The Observation grain records what was detected and when. The point cloud reference provides the raw sensor data for replay, debugging, or reprocessing.

Document Attachments

A research agent creates Belief grains summarizing findings from papers. The papers are referenced as documents:

{
  "type": "belief",
  "subject": "transformer_architecture",
  "relation": "introduced_in",
  "object": "Attention Is All You Need (Vaswani et al., 2017)",
  "confidence": 1.0,
  "source_type": "imported",
  "content_refs": [
    {
      "uri": "cas://sha256:2cf24dba5fb0a30e26e83b2ac5b9e29e...",
      "modality": "document",
      "mime_type": "application/pdf",
      "size_bytes": 2100000,
      "checksum": "sha256:2cf24dba5fb0a30e26e83b2ac5b9e29e..."
    }
  ]
}

Vector Search Integration

The embedding reference schema enables a powerful pattern: grains that are both content-addressed (for exact lookup) and vector-indexed (for semantic search). A Belief grain can have both a deterministic content address and one or more embedding references:

{
  "type": "belief",
  "subject": "Alice",
  "relation": "expertise_in",
  "object": "distributed systems and consensus protocols",
  "confidence": 0.85,
  "source_type": "consolidated",
  "embedding_refs": [
    {
      "vector_id": "vec-fact-alice-expertise",
      "model": "text-embedding-3-large",
      "dimensions": 3072,
      "modality_source": "text",
      "distance_metric": "cosine"
    }
  ]
}

When an agent asks "who knows about Raft consensus?", the system can do a cosine similarity search across embedding refs, find this grain, and retrieve it by content address. The embedding reference bridges the semantic search world and the content-addressed storage world.

Multiple embedding references per grain support multi-modal search — a grain could have both a text embedding and an image embedding, enabling retrieval by either textual similarity or visual similarity.
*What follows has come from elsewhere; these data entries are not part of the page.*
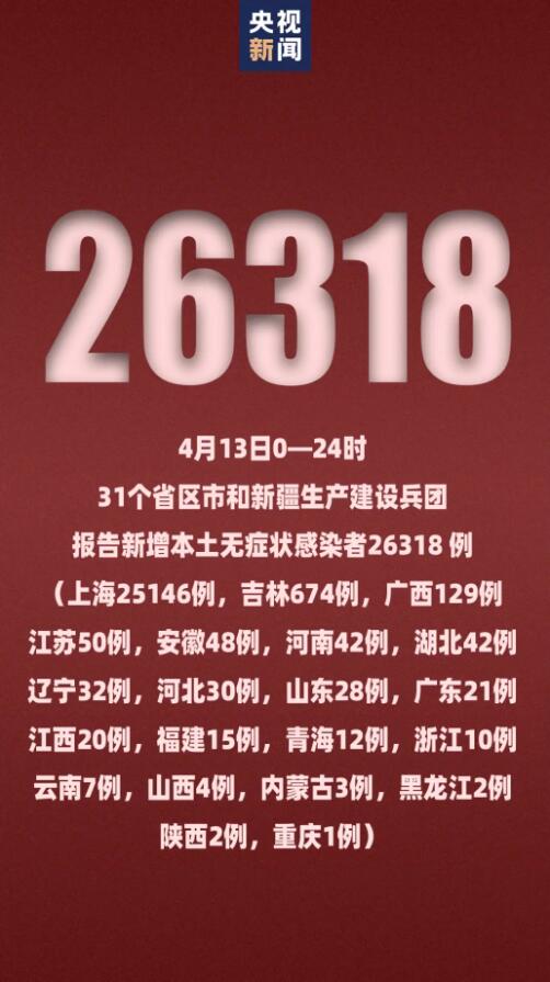 【4月13日新增本土确诊2999例 新增本土无症状26318例】4月13日0—24时,31个省(自治区、直辖市)和新疆生产建设兵团报告新增确诊病例3020例。其中境外输入病例21例(广西6例,四川5例,福建4例,云南3例,北京1例,江苏1例,广东1例),含3例由无症状感染者转为确诊病例(四川2例,福建1例);本土病例2999例(上海2573例,吉林325例,广东47例,浙江9例,福建9例,黑龙江7例,山西4例,河南4例,江苏3例,海南3例,云南3例,河北2例,安徽2例,陕西2例,青海2例,北京1例,辽宁1例,江西1例,山东1例),含344例由无症状感染者转为确诊病例(吉林214例,上海114例,福建6例,浙江4例,海南3例,广东2例,河北1例)。无新增死亡病例。无新增疑似病例。
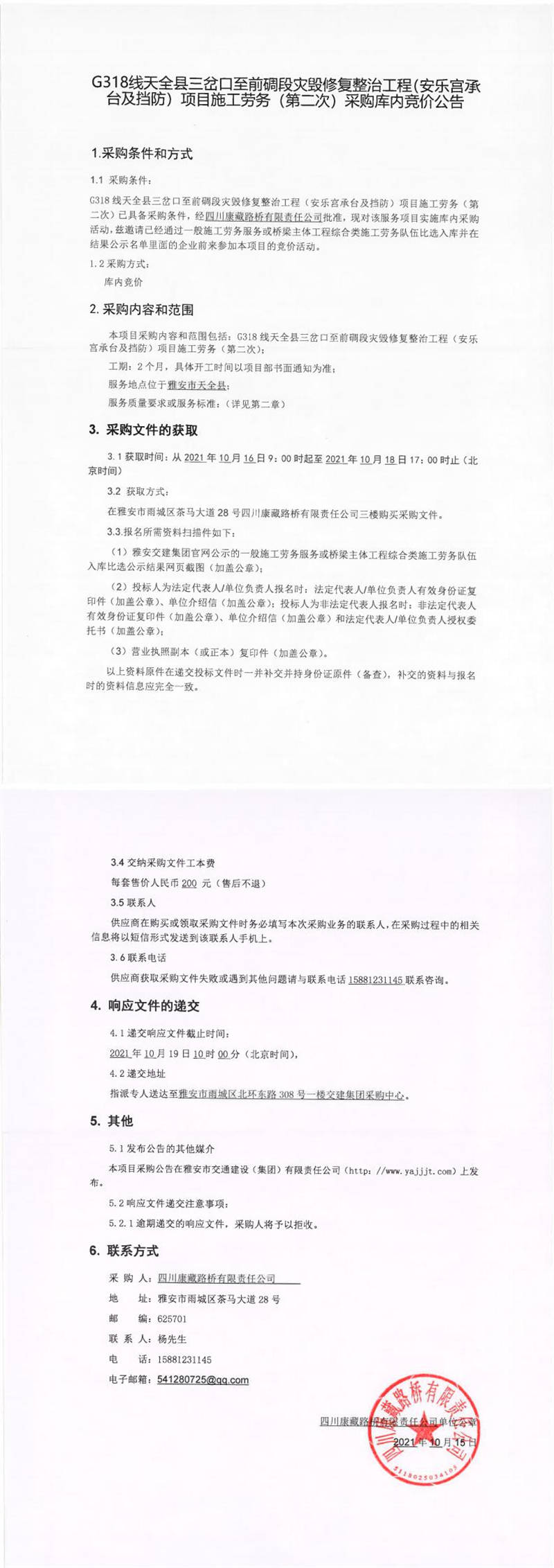 四川康藏路橋有限責(zé)任公司G318線天全縣三岔口至前碉段災(zāi)毀修復(fù)整治工程(安樂宮承臺(tái)及擋防)項(xiàng)目施工勞務(wù)(第二次)采購(gòu)庫(kù)內(nèi)競(jìng)價(jià)公告
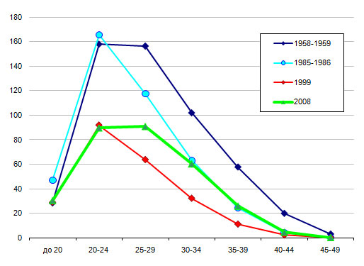всех возрастных группах, начиная с 25-29 лет. В середине 80-х годов
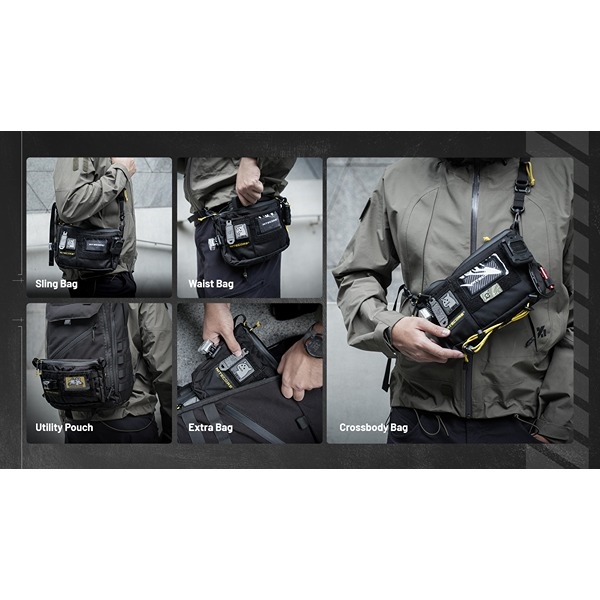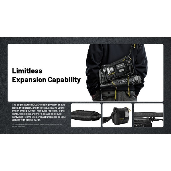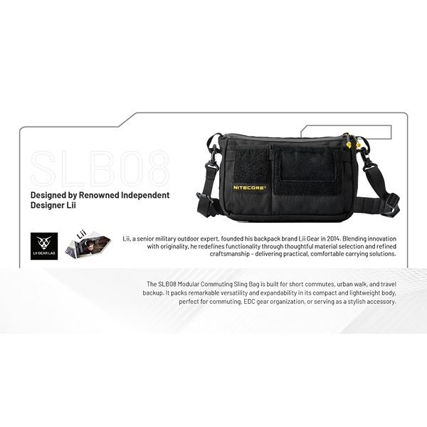 Vesken er designet for MOLLE-systemet. Webbing/nylonstroppene på sidene, i bunnen og på skulderstroppen gjør det mulig å utvide med ekstra lommer eller utstyr. Samtidig kan SLB08 integreres direkte på NITECORE-ryggsekker f.eks. BP23 Pro ryggsekk, noe som gjør den perfekt som modulær tillegg. Laget i slitesterk 500D nylon og med en vekt på ca. 125 g er den både robust og ultralett. Den justerbare skulderstroppen gjør at SLB08 kan bæres som sling bag, crossbody eller belteveske.

The Reference Architecture

The OMS multi-modal design creates a clean separation of concerns:

Memory layer (grains): Compact, deterministic, content-addressed. Contains structured knowledge and metadata. Kilobytes.
Content layer (referenced media): Large, potentially mutable, stored wherever makes sense. Referenced by URI with optional integrity verification. Megabytes to gigabytes.
Embedding layer (vector store): High-dimensional vectors for semantic search. Referenced by ID with model and dimension metadata. Enables retrieval without deserialization.

This separation means grains remain portable and efficient. You can export a user's complete memory as a .mg container file — all grains, all metadata, all provenance chains — without including gigabytes of media files. The content references remain intact, pointing to wherever the media is stored. A new system can resolve those URIs to fetch content on demand.

It also means the same content can be referenced by multiple grains without duplication. Ten Belief grains derived from the same X-ray all point to the same URI. The image is stored once.

Conclusion

Multi-modal content is central to how AI agents perceive and interact with the world. The OMS approach — references, not blobs — keeps grains compact and deterministic while providing a rich, typed, integrity-verified link to external content of any modality. Content references describe the media. Embedding references enable semantic search. Modality-specific metadata provides enough information for indexing and display without fetching. And the security model ensures that references cannot be exploited for SSRF, resource exhaustion, or tampering.

The result is a memory format that is equally at home referencing a 2KB text snippet and a 2GB video file — because the grain itself never contains either. It just knows where to find them.